New story, same lack of chills

Goosebumps: The Vanishing streams on Disney+ from Friday, January 10.

RL Stine is not a character on Goosebumpsthe latest hit TV series based on his hit book series. While co-creator Rob Letterman previously cast a bug-eyed Jack Black as Stine in the first of the Goosebumps movies, he only arranged a vocal cameo for the kid-lit author in the first season of the Disney+ adaptation of the same wildly successful source material. Still, there’s a certain sly meta-dimension to the new small-screen goosebumps now entering its second season. Following both modern-day kids and their fortysomething parents, splitting the action between the present and the 1990s (also the decade when Stine began publishing her pre-teen paperbacks at a monthly clip), the series winks at its own attempts to woo multiple demographics, to appeal to both the young and the nostalgic.

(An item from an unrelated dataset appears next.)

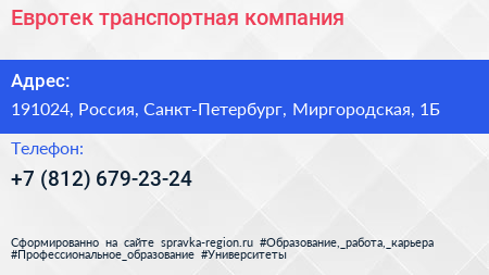 Евротек, транспортная компания по адресу 191024, Россия, Санкт-Петербург, Миргородская, 1Б в дальнейшем Организация, размещена в следующих категориях:

Of course, a lot has changed over the past 30 years, including in the world of youth programming. While Goosebumps continues in Season 2 to focus on intergenerational tensions, genuine the tension in the show is between one era’s definition of YA anthology and another’s. Once again, the creators have stuffed the square stick of Stine’s preteen paperback yarn—his one-off, quick-read campfire tales of small-town horror—into the round hole of a serialized teen soap opera. It remains an imperfect fit.